Prompt
After finding "生态小道,砾石盲管道路,不积水,野草与道路,生态挡土墙与植被.." in the data, write out its line and all following lines without change, up to and including the last one. Leave out pictures.

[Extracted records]
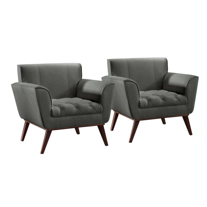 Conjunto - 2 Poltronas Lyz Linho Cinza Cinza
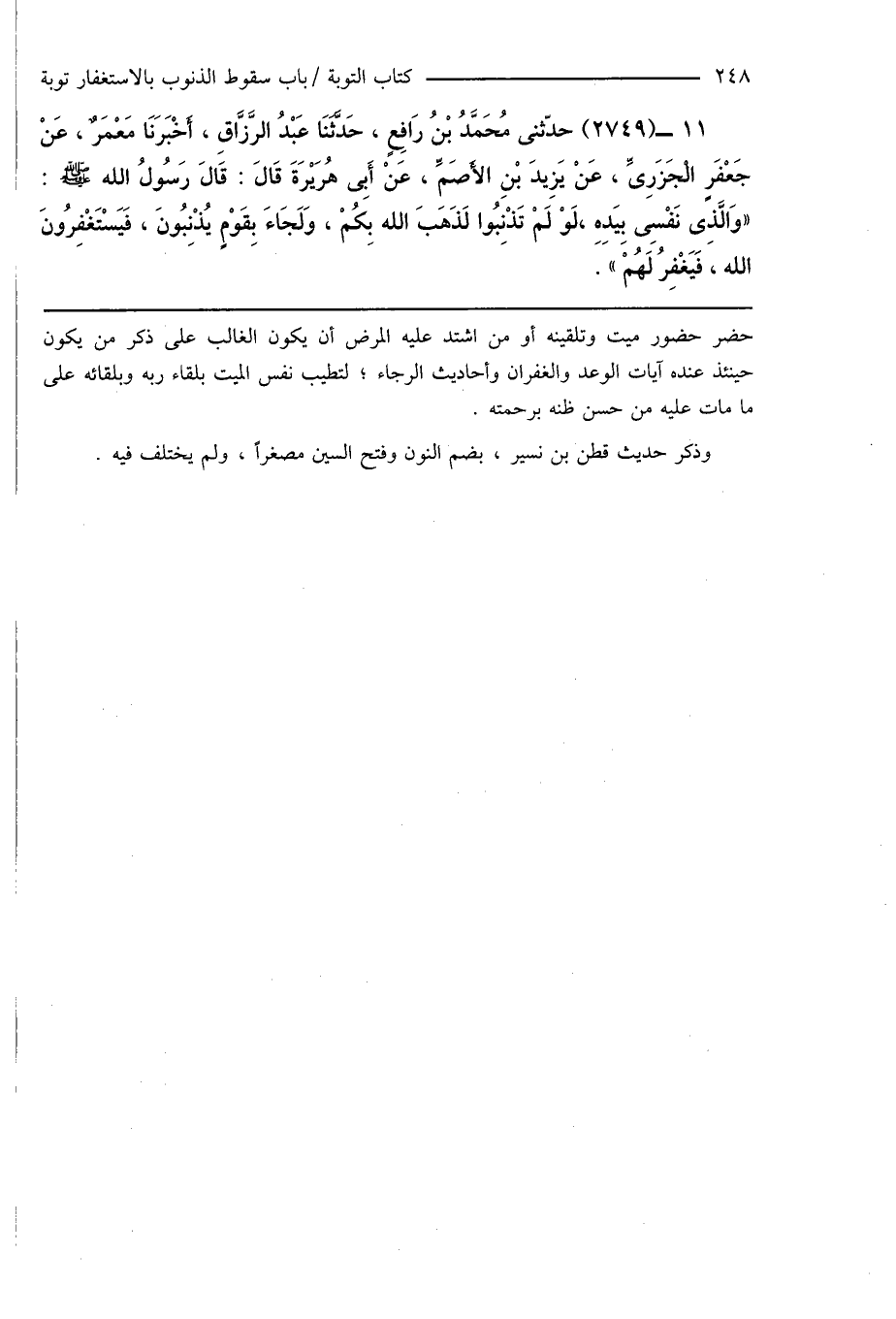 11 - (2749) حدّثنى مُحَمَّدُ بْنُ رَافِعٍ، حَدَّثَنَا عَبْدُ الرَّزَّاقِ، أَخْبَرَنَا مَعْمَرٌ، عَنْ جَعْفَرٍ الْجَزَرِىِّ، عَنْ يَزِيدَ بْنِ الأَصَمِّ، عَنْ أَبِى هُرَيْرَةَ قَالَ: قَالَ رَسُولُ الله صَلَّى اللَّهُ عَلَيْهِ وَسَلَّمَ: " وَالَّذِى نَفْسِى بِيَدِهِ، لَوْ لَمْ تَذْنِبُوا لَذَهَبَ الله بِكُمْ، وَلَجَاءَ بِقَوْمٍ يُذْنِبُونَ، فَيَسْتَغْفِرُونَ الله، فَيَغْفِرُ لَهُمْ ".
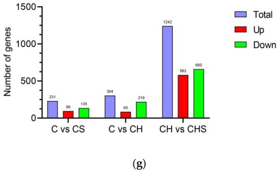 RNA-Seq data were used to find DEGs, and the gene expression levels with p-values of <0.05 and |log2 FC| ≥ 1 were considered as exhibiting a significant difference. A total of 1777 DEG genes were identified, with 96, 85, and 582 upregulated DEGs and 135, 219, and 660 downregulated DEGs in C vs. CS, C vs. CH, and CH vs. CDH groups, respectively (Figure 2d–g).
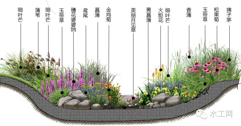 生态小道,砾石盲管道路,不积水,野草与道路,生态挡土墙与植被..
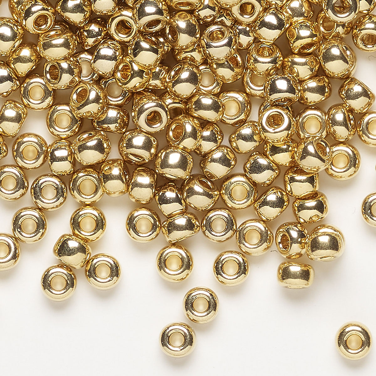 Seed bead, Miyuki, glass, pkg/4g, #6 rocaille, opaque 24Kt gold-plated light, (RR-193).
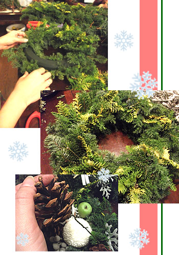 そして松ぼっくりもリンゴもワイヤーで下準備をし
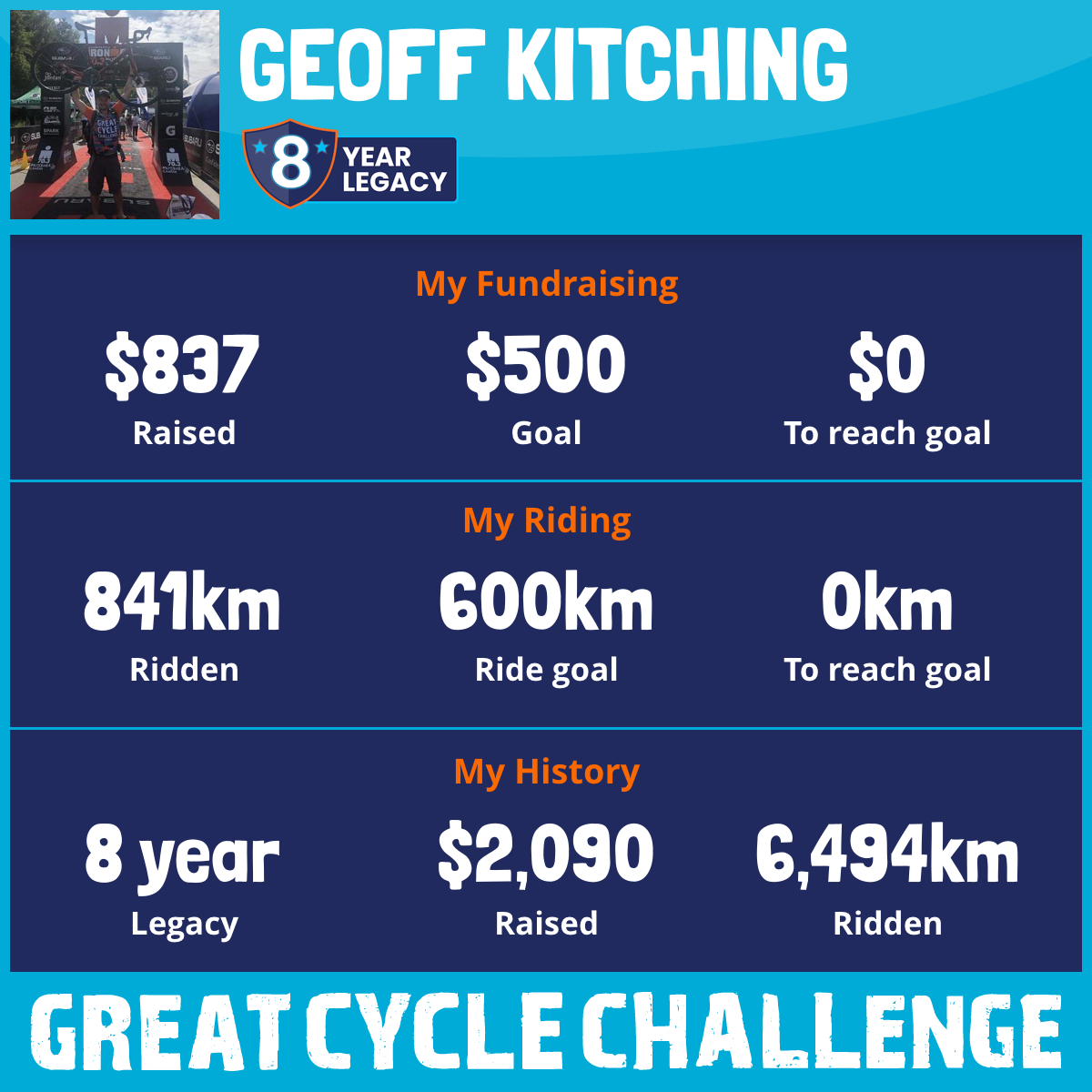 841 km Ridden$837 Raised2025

Response area
 生态小道,砾石盲管道路,不积水,野草与道路,生态挡土墙与植被..
 Seed bead, Miyuki, glass, pkg/4g, #6 rocaille, opaque 24Kt gold-plated light, (RR-193).
 そして松ぼっくりもリンゴもワイヤーで下準備をし
 841 km Ridden$837 Raised2025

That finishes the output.